The roles and qualities are inferred from the results of the previously conducted literature review [3], observations made during the analysis of open-source as well as proprietary experimentation platforms in [5] and adjustments made during the evaluation. Note that the identified qualities and roles constitute our proposed architecture. However, they are not static nor expected to be complete. Further research on roles and qualities might extend the enumerations about additional roles and qualities.

4 Experiment Definition’s Qualities and Roles

In the following the qualities and roles of experiment definitions that were identified from the results of the literature review [3] and observations made during the analysis of experimentation platforms [5] are presented.

4.1 Qualities

Four qualities of experiment definitions were identified.

Knowledge exchange of experimentation results and their implications support the collaborative optimization of systems [19]. Improving the institutional memory of experimentation [7] also prevents from accidental repeating already conducted experiments. Therefore, Fabijan et al. [7] suggest building an archive of executed experiments. It should summarize an experiment with metadata like its hypothesis, execution date, and results. A requirement to enable knowledge exchange is that experimentation decisions (like the selection of the learning component [18]) are explicitly documented.

Reproducibility and replicability are two important qualities of an experiment [6]. Reproducibility means that experiments can be independently replicated by another experimenter. Therefore, the context of the experiment and a detailed description of all steps are necessary. Furthermore, Buchert et al. [6] note that “the description of an experiment has to be independent of the infrastructure used”. Replicability refers to the act of repeating an experiment under the same conditions, which will lead to the same results.

Traceability. Experiment iterations allow to gradually improve the system under experimentation by iterative adjustments of the parameters in order to maximize a metric of interest [22]. Hence, experiments are commonly part of a series of iterative evolving experiments.

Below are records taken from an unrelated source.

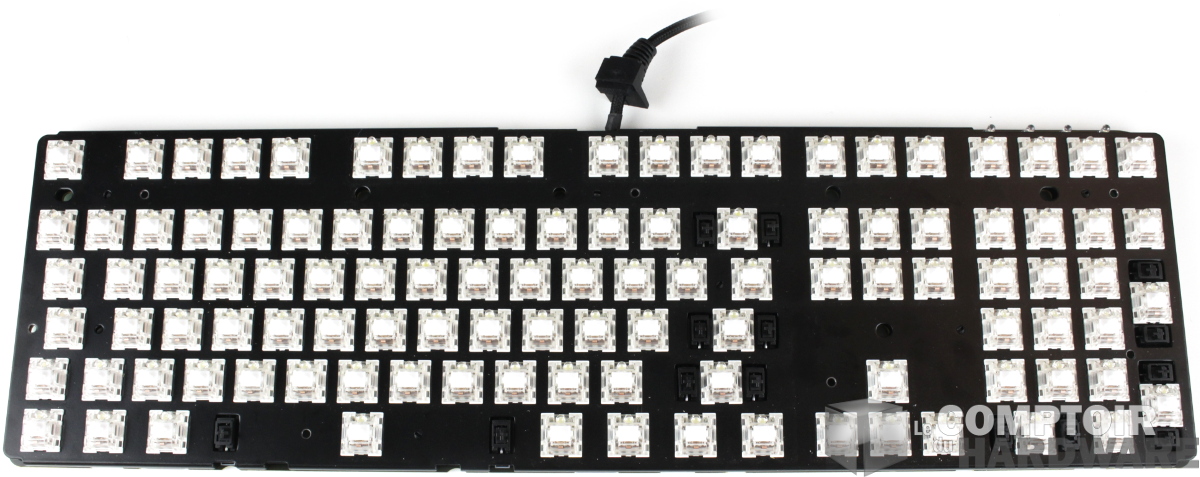 On retire les touches, on dévisse tout ce qui doit l'être et hop ! on a le PCB protégé par sa plaque en acier noir où l'on retrouve les fameux commutateurs GXT White du constructeur. C'est donc de la copie chinoise de Cherry MX Red avec rétroéclairage blanc. Ces engins font leur boulot et le ressenti tactile est proche de ce que fait Cherry, mais pour ce qui est de la sonorité, ça n'a rien à voir. On aurait pu féliciter Trust de ne pas avoir choisi d'opter pour des réglettes en acier sur ses touches les plus larges en collant à la place des commutateurs sans contact, mais ça n'est pas le cas. Ces petits commutateurs noirs sont en fait juste des ergos reliés à des réglettes en acier qui se trouvent sous la plaque en acier. Et que se passe-t-il lorsqu'on assemble de l'acier à du plastique et que l'on enferme le tout sous une plaque en acier ? Du bruit, que vous pourrez découvrir dans la vidéo page suivante. Associé à un châssis en plastique fin et plein de vide, l'engin pourrait presque rendre les MX Blue agréables à l'utilisation tant le bruit de vibration métallique qui accompagne la frappe est présent et désagréable.
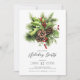 Cette élégante invitation de fête de Noël présente un bel arrangement de pin, de baies sèches et de pinecone sur un arrière - plan blanc. L'invitation est parfaite pour inviter vos amis et votre famille à un rassemblement festif. L'ensemble est festif et sophistiqué, et l'invitation impressionne vos invités.
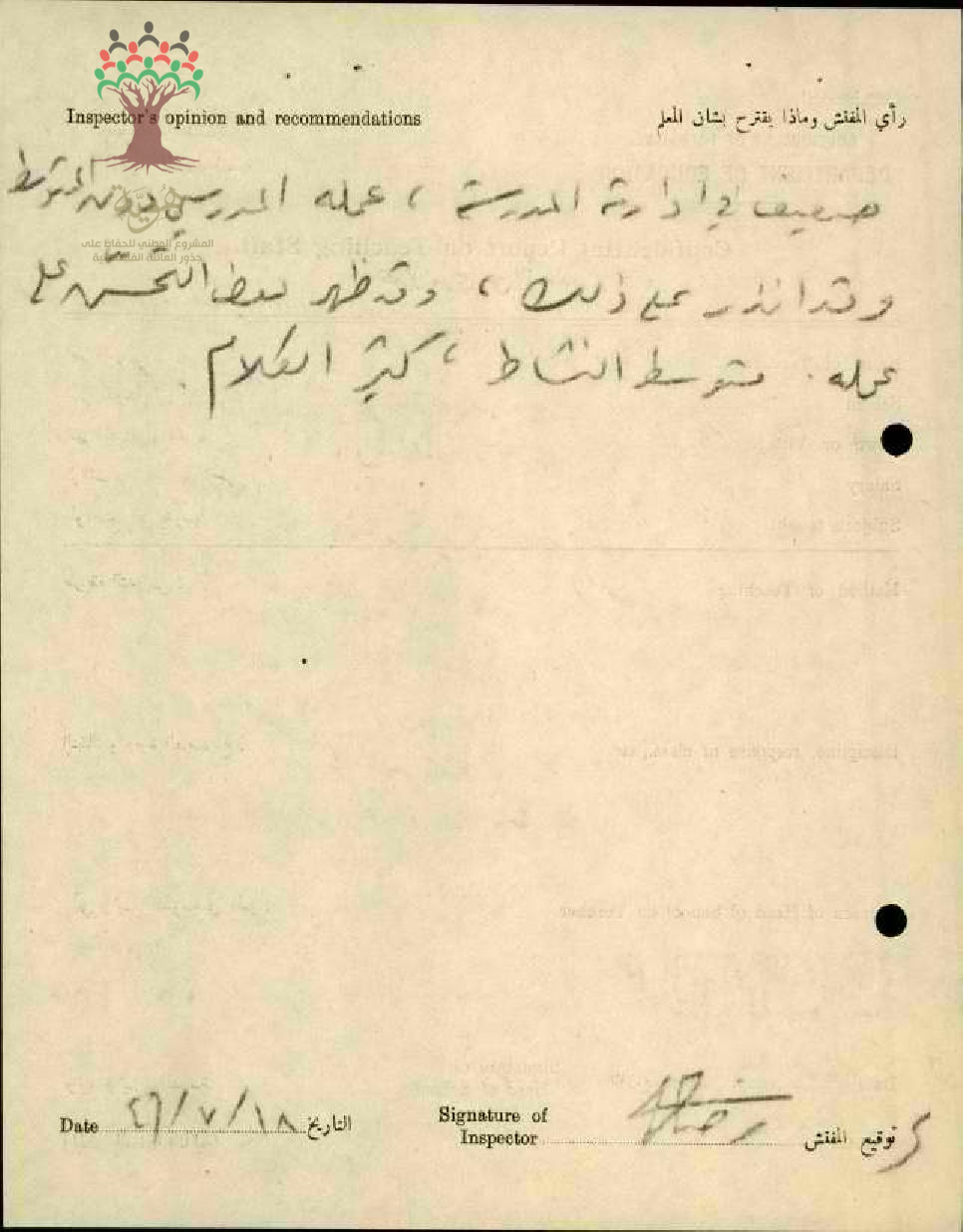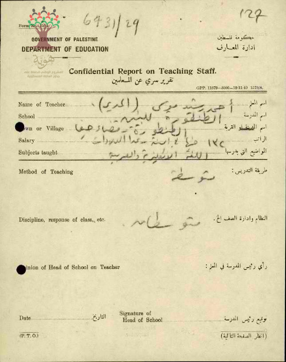 تقرير تفصيلي عن أداء المعلم أحمد رشيد موسى عودة في مدرسة طنطورة

Specifications of experiments should therefore highlight the relationship between experiments to improve the traceability.

All of these qualities are supported by the experiment definition language (EDL) [4]. Required characteristics and properties are provided by the language to define reproducible and replicable experiments. Moreover, the language itself is based on the data exchange format JSON which ease the information exchange. Additionally, each characteristic has properties to document the decisions behind the chosen property values. Finally, properties are included that can be used to reference to previous versions of an experiment and document the changes made (see Sect. 2.2).

4.2 Roles

Concerning the roles of an experiment definition, the analysis of the selected papers [3] and observations among experimentation platforms identified that the definition serves various purposes throughout an experiment. Each phase uses the experiment definition in another way (see Fig. 3).

Fig. 3.
figure 3

Main role of the experiment definition in each phase of an experiment. In each phase of the experiment the definition serves another main role.

Communication. A central purpose of the experiment definition is its usage as a communication tool between stakeholders. Online controlled experimentation involves multiple stakeholders that need to exchange information between them. Fagerholm et al. [13] enumerate various stakeholders that are involved in the process of experimentation. The business analysts and product owners that create ideas for experimentation, the data scientist that ensures rigor experimentation, software developers that implement the necessary modifications, quality assurance to verify the software changes, DevOps engineers to deploy the changes, and many more. Although Fig. 3 indicates that communication is used mostly during the ideation of an experiment, activities in all phases can be found that use an experiment definition artifact as a communication tool. For example, the hypothesis made by a business analyst is used by a data scientist to define a fitting segmentation that is used by a DevOps engineer to adapt environment variables. To conclude, all stakeholders use the experiment definition as a tool to manifest and share their decisions on an experiment.

Quality Assurance. The results of an online controlled experiment can have a significant impact on the decisions made by an organization. Hence, it is important to ensure reliable and comprehensible results [19]. Therefore, the quality of experimentation needs to be assured. A structured experiment definition improves the constructive quality of an experiment. It can, for example, limit the number of possible values for a property. In addition, analytical quality approaches can be applied to a definition. Examples are tests to ensure required properties, or sanity-checks on the respective experiment design (e.g. is a user segment assigned to every variant). The definition is used in each phase of an experiment to improve the experiment’s quality. For example, in the ideation phase, constructive quality approaches on the definition ensure a solid definition of an experiment idea. During the design phase, analytical quality approaches support the data scientist in the specification of experiment parameters. Moreover, the quality of the experiment execution benefits from a well-structured definition that allows automating previous manual steps. Similarly, the analysis and the learning phase rely on trustworthy information that benefits from a reliable experiment definition. As a result, the experiment definition considerably influences the quality assurance of experimentation throughout each experimentation phase.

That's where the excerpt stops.